Im Jahr 2013 erhob die Gemeinde mit einem Bescheid über den Anschaffungs- und Herstellungsbeitrag Schmutzwasser von den Eigentümern für das Grundstück - erneut - einen Beitrag, diesmal in Höhe von 2.179 Euro. Angerechnet aus einem „Erschließungsvertrag“ wurden dabei 1.082 Euro, sodass noch ein Zahlungsgebot in Höhe von 1.096 Euro festgesetzt wurde.

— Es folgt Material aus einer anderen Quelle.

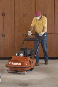 by contractors and homeowners alike and features various grinding systems for breaking up deposits, cleaning/ polishing concrete and tile, producing exposed aggregate slabs and other general concrete grinding applications. Powered by an industrial quality Honda 11-horsepower engine, the SG24/GH includes dual counter-rotating multi-accessory discs that rotate at 250 RPM and offer a maximum grinding width of 24 inches. The unique design balances forces to help reduce operator fatigue while enhancing machine control. Furthermore, an adjustable operator handle accommodates different user heights and preferences. A wide range of industry-standard interchangeable attachments are available, including grinding stones, scarifiers, wire brushes, the Scrape-R-Tach

Die Eigentümer erhoben daraufhin Klage, mit der sie beantragten, den Bescheid  Das Verwaltungsgericht ist der Argumentation der Eigentümer gefolgt. Der Bescheid über den Anschaffungs- und Herstellungsbeitrag Schmutzwasser aus dem Jahr 2013 sei schon deshalb rechtswidrig, da zum Zeitpunkt seines Erlasses die sachliche Anschlussbeitragspflicht im Hinblick auf das Grundstück noch nicht entstanden war, heißt es in dem Urteil.

Neuer Rechtszustand muss
an Stelle des bisherigen treten

Dem habe das damals bereits eingeleitete, aber noch nicht abgeschlossene Teilbodenordnungsverfahren in der Gemeinde entgegengestanden. Davon betroffene Grundstücke verlieren dem Gericht zufolge zwar nicht von Beginn an ihre rechtliche Existenz, aber die Dauerhaftigkeit ihres Bestands und damit ihrer Größe würden in Frage gestellt. Es handelt sich gleichsam um „sterbende Grundstücke“, denen der „Todesstoß“ mit Abschluss des Bodenordnungsverfahrens bzw. dem Eintritt seiner Rechtswirkungen gesetzt werde. Die sachliche Beitragspflicht entstehe in einem solchen Fall erst, wenn die Dauerhaftigkeit des Vorteils sichergestellt sei. Erst damit trete der neue Rechtszustand an die Stelle des bisherigen und das neu gebildete Grundstück werde dem Eigentümer zugeordnet.